Virtual Receive Side Scaling (vRSS) was introduced in Windows Server 2012 R2. vRSS enables improved performance over VMQ alone through a couple of new responsibilities.
In the Guest
Virtual CPUs fill up just like any other CPU and can become a bottleneck just like CPUs on the host. If the virtual machine has multiple virtual CPUs, it can alleviate this chokepoint by splitting the processing for the received network traffic across each virtual CPU in the guest.

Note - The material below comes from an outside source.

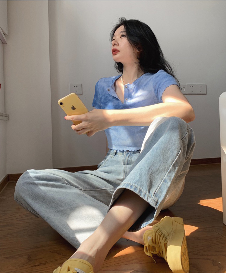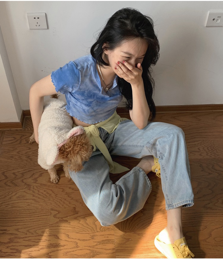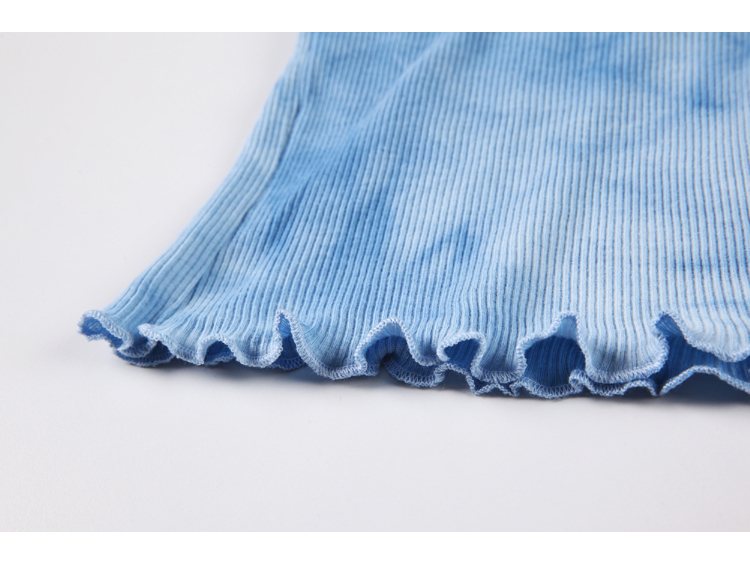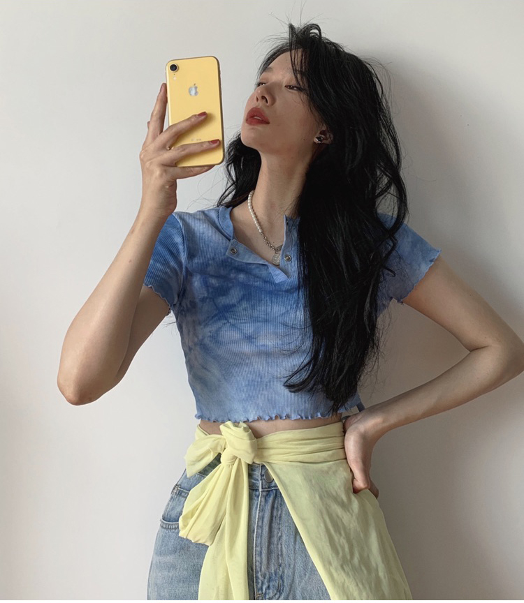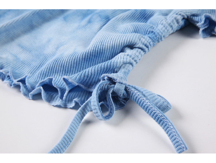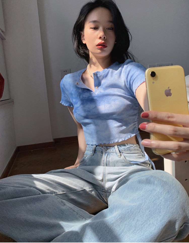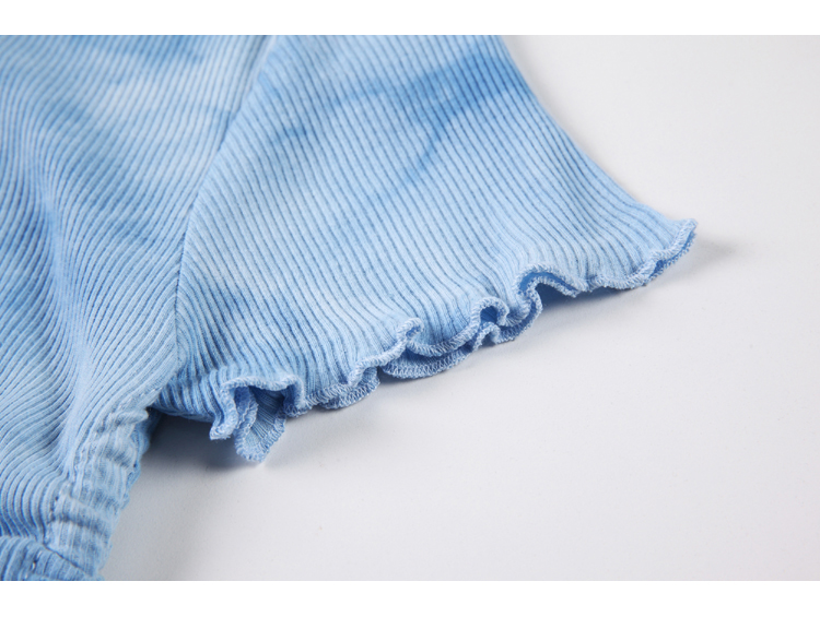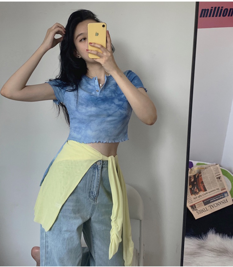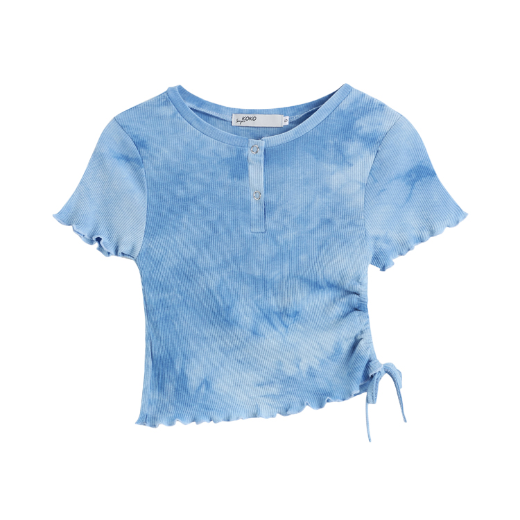 实拍 辣妹短抽褶上衣女扎染设计感高腰露脐网红炸街短袖T恤ins潮

If you want to visualize this architecturally, a virtual NIC attaches to a “port” on the Hyper-V Virtual switch (vSwitch). This is similar to a physical port on a physical switch (except that it’s all virtual). In the picture below you can see that the vSwitch operates at layer 2 (ethernet). If you remember from our first article, legacy VMQ operates similarly using a MAC + VLAN filter to separate traffic into different VMQs.

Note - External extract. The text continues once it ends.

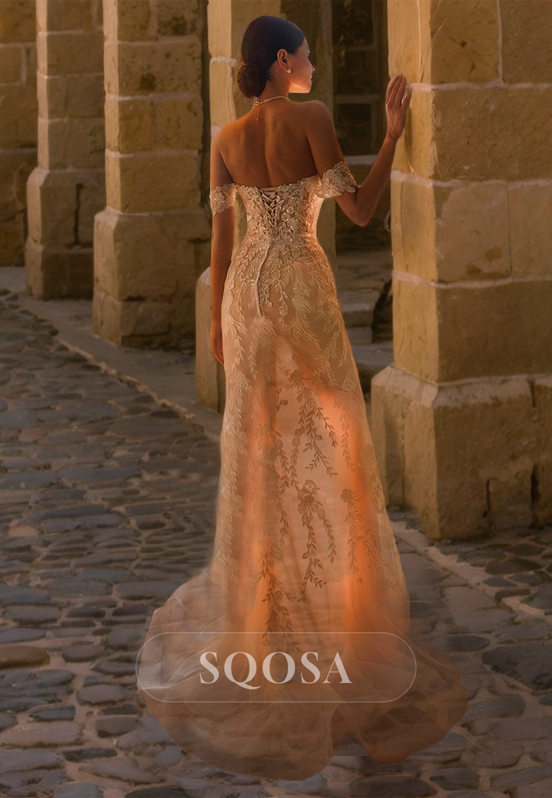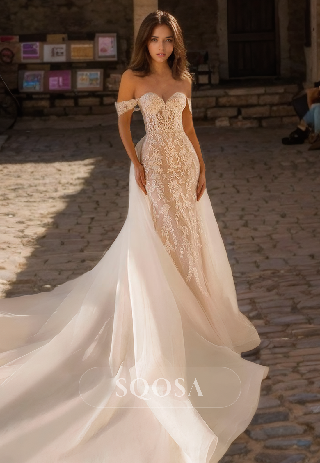 Sweetheart Sleeveless Beaded Allover Lace Applique Mermaid Wedding Dress with Chiffon Overskirt
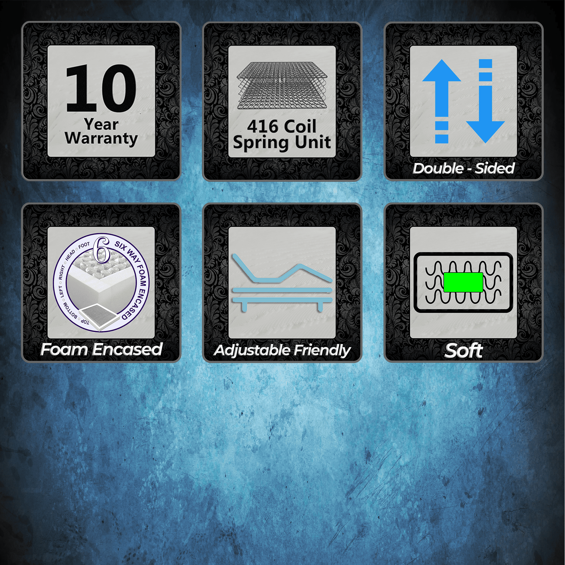 The Park Avenue Pillowtop is a highly durable mattress bolstering the legendary 416 high tempered steel spring. The PK3 is also foam encased featuring full edge to edge support while increasing the longevity by being double-sided. It is a rare find double sided, while foam encased and having a thickness over 15in!

Once the traffic reaches the vmNIC, it needs to traverse the network stack and be processed by the Guest’s vCPUs. In the guest, you’ll see the network traffic distributed in task manager similar to this thanks to vRSS.

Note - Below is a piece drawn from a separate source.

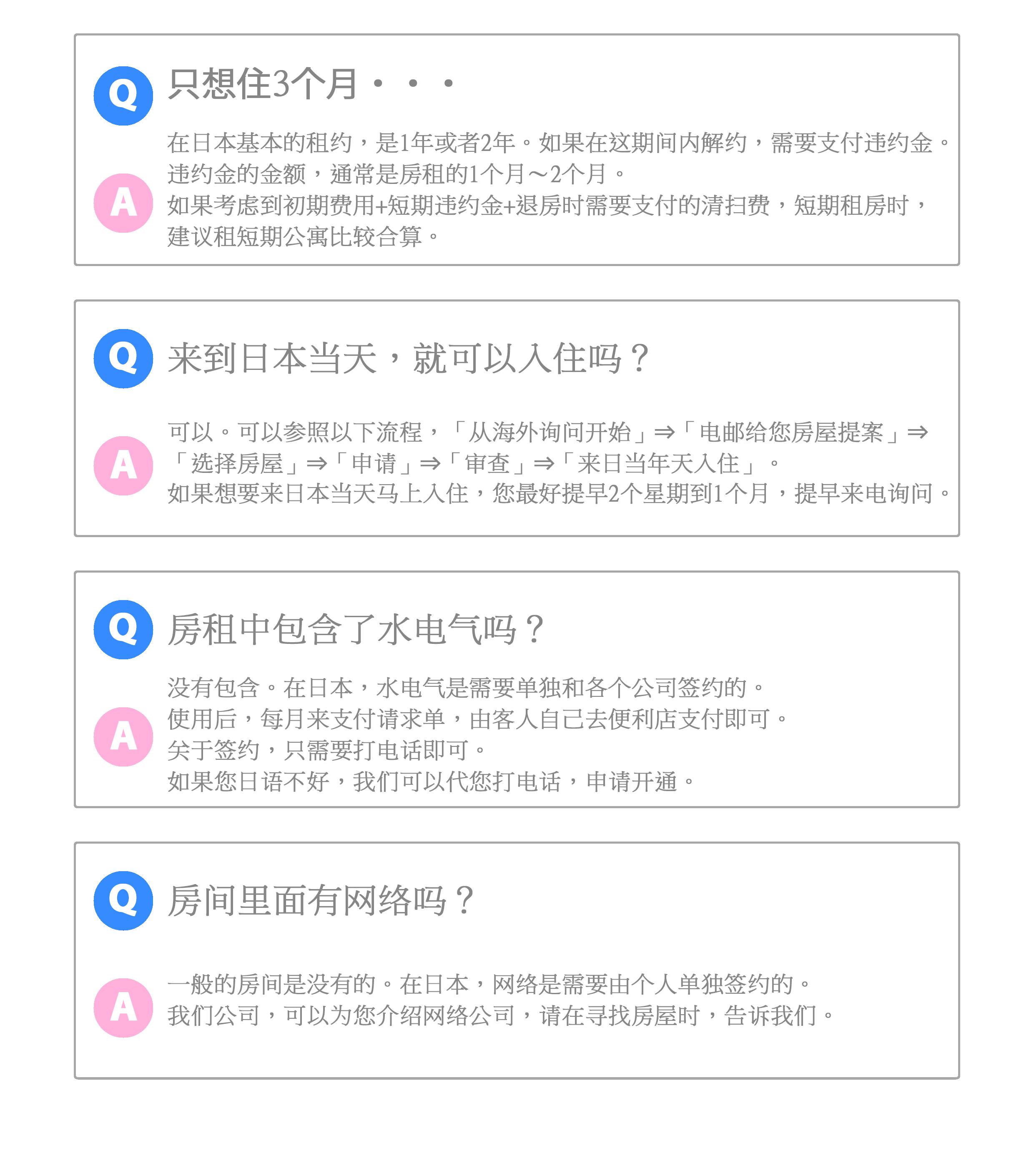 中文・韓文。除博多地區以外的其他地區,我們也可以為您介紹單身公寓和家族公寓。請随

This operates by using RSS inside the guest, hence the intuitive name vRSS :smiling_face_with_smiling_eyes:. Enabling or disabling this can be done by modifying the Receive Side Scaling property on the vNIC inside the guest.
On the Host
But vRSS ain’t no one-trick pony! vRSS also has responsibilities on the host as well. vRSS’s core responsibilities are:
When VMQ interrupts a processor, it always interrupts the “base processor” for a specific VMQ. In the example below, the VM with the MAC Address ending in 7A-35-0C always interrupts processor 17.
Next, we use RSS technology to spread the flows across other available processors in the processor array. While this is a bit of work for the system, the benefit is that the throughput can surpass the bandwidth of a single VMQ. Remember, the base processor must always receive the packets first, but the heavy lifting is performed by other available processors.
Note: You may recognize that vRSS and VMQ are working together. CPU spreading with vRSS requires VMQ.
Now a VM can receive the bandwidth (approximately) equivalent to the number of processors engaged to do its bidding. Typically, the default is 8 processors. Excellent…
Here’s a diagram that shows the packet flow. In the picture below:
Note: The virtual switch from the picture above was replaced with the vRSS indirection table however this is the same feature; vRSS is a function of the virtual switch.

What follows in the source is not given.